## Raw data
-- -- --
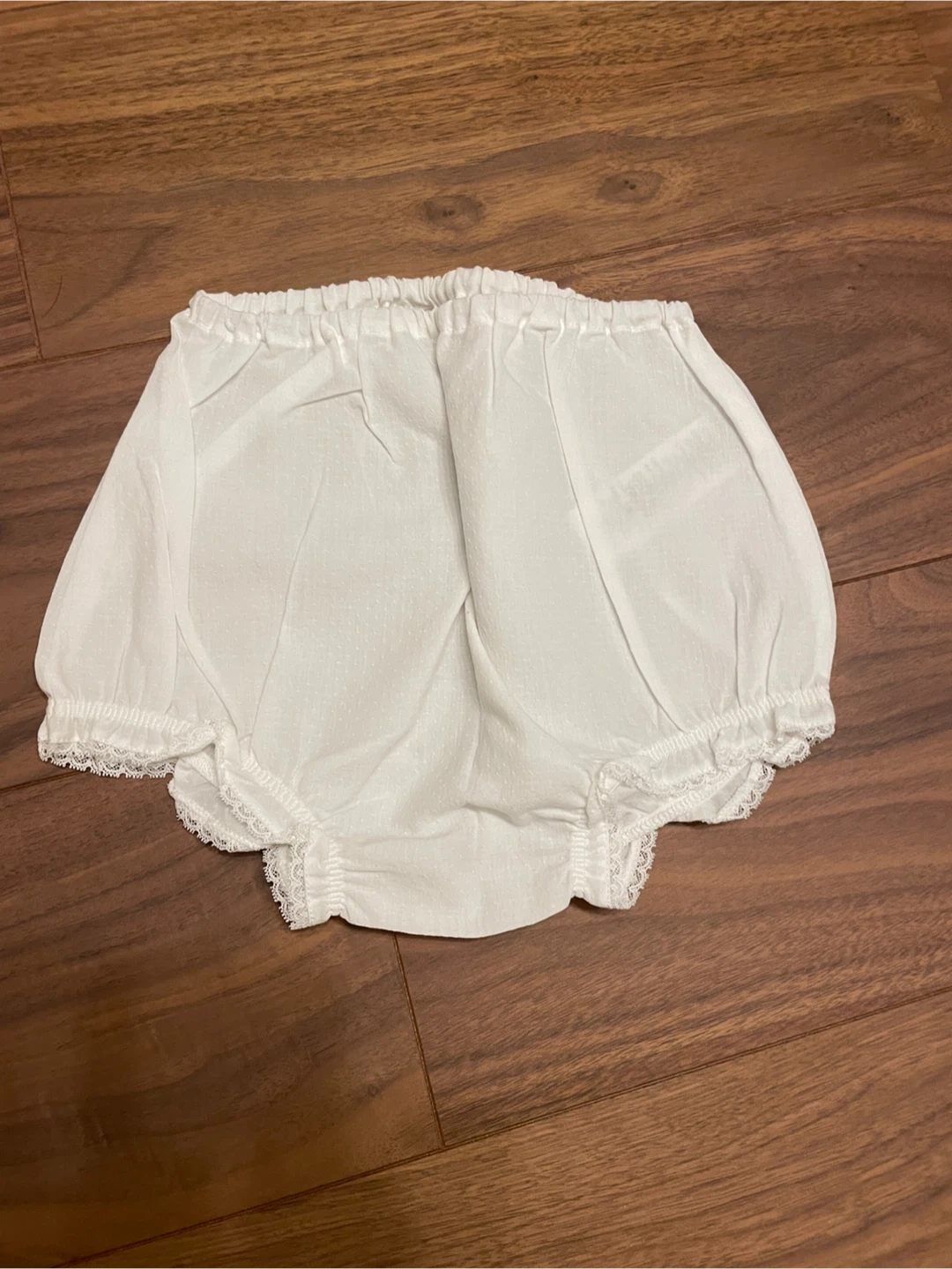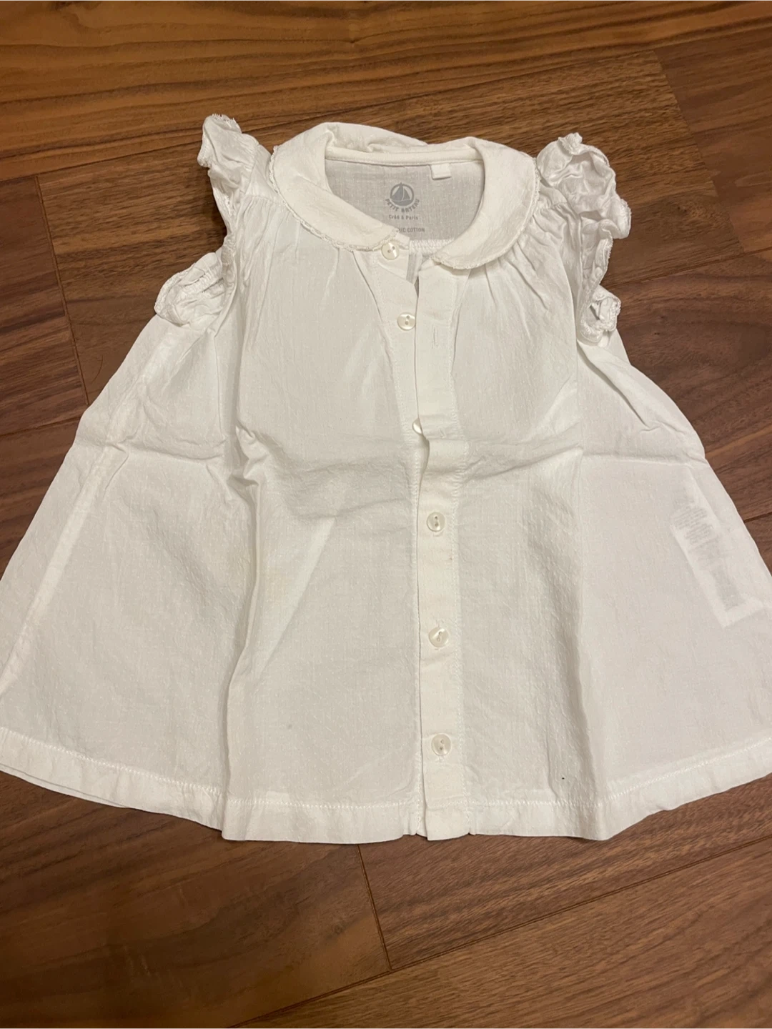 Petit Bateauのワンピースとブルマのセットです。 ・色:白地に緑の花柄 ・状態:使用感少なめ 小さな女の子が着るとお姫様のように可愛くなるデザインで、さすがプチバトーです。 12mのサイズですが、チュッニックとしても着られるため、我が子は2歳台でもきていました。お出かけ用に大切に着ていた為使用感少なく、綺麗な状態です。ブルマは未使用です。 ご不明点があればお気軽にお尋ねください。
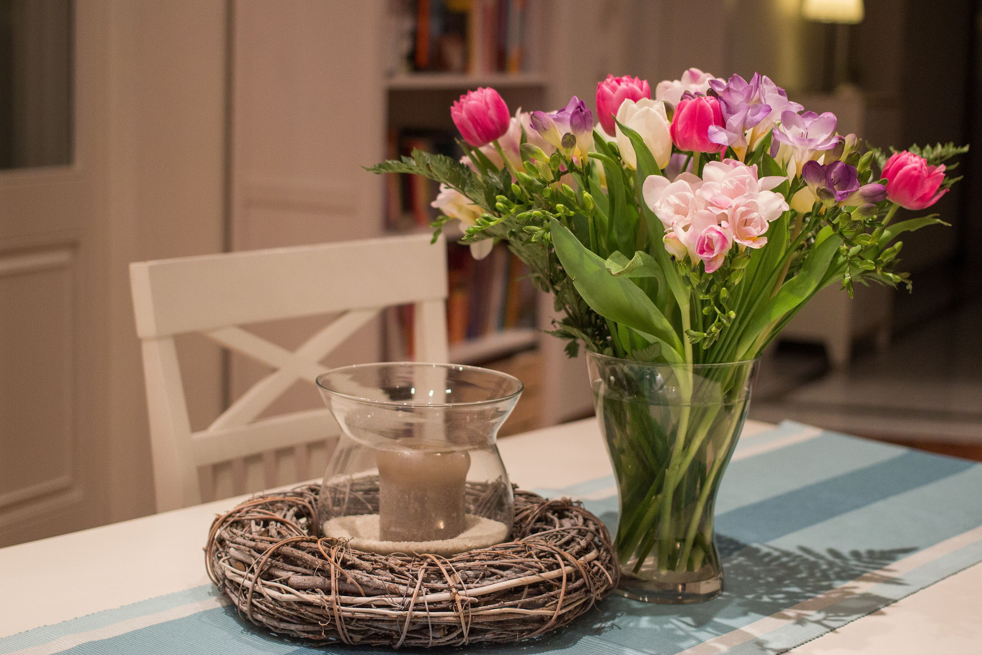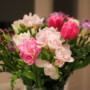 Vidēja izmēra pušķis, kas sastāvā ir smaržīgas frēzijas, rozā un baltas tulpes, kā arī gaumīgi pievienoti zaļumi.
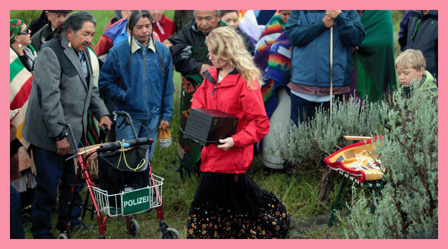 Dengys cart achau’r teulu mai gwr o’r enw Ernie LaPointe, a anwyd yn Wazí Aháŋhaŋ Oyáŋke (Rhandir Frodorol Pine Ridge) yn Ne Dakota yw or-ŵyr Tȟatȟáŋka. Lladmerydd brwd i Genhedloedd Cyntaf yr Unol Dalaethiau. Cred Ernie mai yn Mobridge y mae ei hen daid ac y mae’n cymryd camau cyfreithiol i gael yr hawl nid yn unig i datgan hynny’n ffurfiol – ond i symyd yr olion, unwaith eto. Y tro hwn i safle uchafbwynt bywyd Tȟatȟáŋka ar faes Y Little Big Horn (Brwydr y Llain Gwerog i’r Lakota).
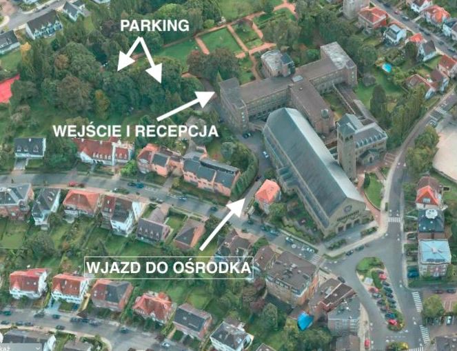 Wjazd i wejście do ośrodka znajduje się po lewej stronie kościoła jak również wjazd samochodów na parking. Wejście do budynku domu rekolekcyjnego i recepcji po schodach przy parkingu.
-- -- --
## Problem requirements
Please output the lines from the line that holds "Vidēja izmēra pušķis, kas" through the final line of the material above, both included. Each line must match exactly, and pictures must be excluded.

## Task output
 Vidēja izmēra pušķis, kas sastāvā ir smaržīgas frēzijas, rozā un baltas tulpes, kā arī gaumīgi pievienoti zaļumi.
 Dengys cart achau’r teulu mai gwr o’r enw Ernie LaPointe, a anwyd yn Wazí Aháŋhaŋ Oyáŋke (Rhandir Frodorol Pine Ridge) yn Ne Dakota yw or-ŵyr Tȟatȟáŋka. Lladmerydd brwd i Genhedloedd Cyntaf yr Unol Dalaethiau. Cred Ernie mai yn Mobridge y mae ei hen daid ac y mae’n cymryd camau cyfreithiol i gael yr hawl nid yn unig i datgan hynny’n ffurfiol – ond i symyd yr olion, unwaith eto. Y tro hwn i safle uchafbwynt bywyd Tȟatȟáŋka ar faes Y Little Big Horn (Brwydr y Llain Gwerog i’r Lakota).
 Wjazd i wejście do ośrodka znajduje się po lewej stronie kościoła jak również wjazd samochodów na parking. Wejście do budynku domu rekolekcyjnego i recepcji po schodach przy parkingu.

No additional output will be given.